Exercise details ▸ Each line in the material below, starting at the one with "이재명 더불어민주당 대통령" and ending at the one with "De 1516 à 1523, il", is to be reproduced exactly; no picture is to be copied.

Records shown ▸
_ _ _

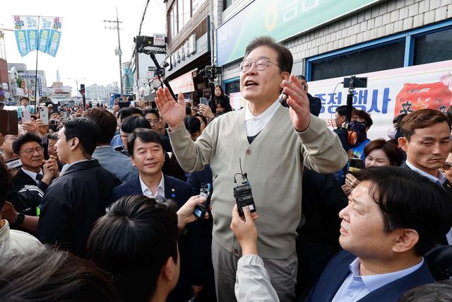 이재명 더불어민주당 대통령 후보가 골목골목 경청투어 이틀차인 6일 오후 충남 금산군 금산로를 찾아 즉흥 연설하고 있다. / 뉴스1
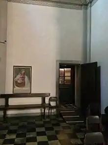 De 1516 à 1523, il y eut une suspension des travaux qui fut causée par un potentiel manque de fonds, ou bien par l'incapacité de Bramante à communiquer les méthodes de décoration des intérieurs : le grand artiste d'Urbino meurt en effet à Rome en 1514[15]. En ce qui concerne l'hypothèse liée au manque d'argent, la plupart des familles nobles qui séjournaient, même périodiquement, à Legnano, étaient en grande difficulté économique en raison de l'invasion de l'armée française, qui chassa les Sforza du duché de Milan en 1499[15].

_ _ _

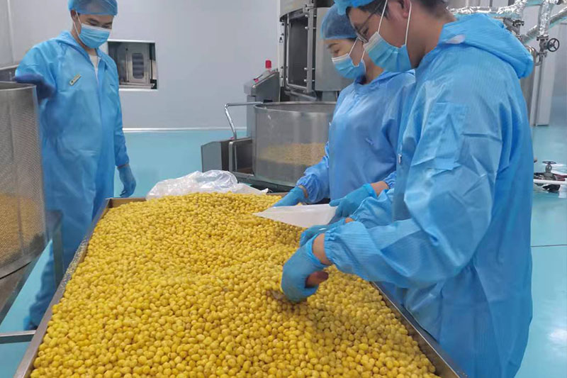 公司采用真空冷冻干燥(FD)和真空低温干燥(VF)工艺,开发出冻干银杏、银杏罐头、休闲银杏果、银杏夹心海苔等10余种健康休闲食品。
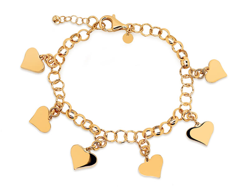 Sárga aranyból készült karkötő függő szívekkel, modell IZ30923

_ _ _

Answer space ▸
 이재명 더불어민주당 대통령 후보가 골목골목 경청투어 이틀차인 6일 오후 충남 금산군 금산로를 찾아 즉흥 연설하고 있다. / 뉴스1
 De 1516 à 1523, il y eut une suspension des travaux qui fut causée par un potentiel manque de fonds, ou bien par l'incapacité de Bramante à communiquer les méthodes de décoration des intérieurs : le grand artiste d'Urbino meurt en effet à Rome en 1514[15]. En ce qui concerne l'hypothèse liée au manque d'argent, la plupart des familles nobles qui séjournaient, même périodiquement, à Legnano, étaient en grande difficulté économique en raison de l'invasion de l'armée française, qui chassa les Sforza du duché de Milan en 1499[15].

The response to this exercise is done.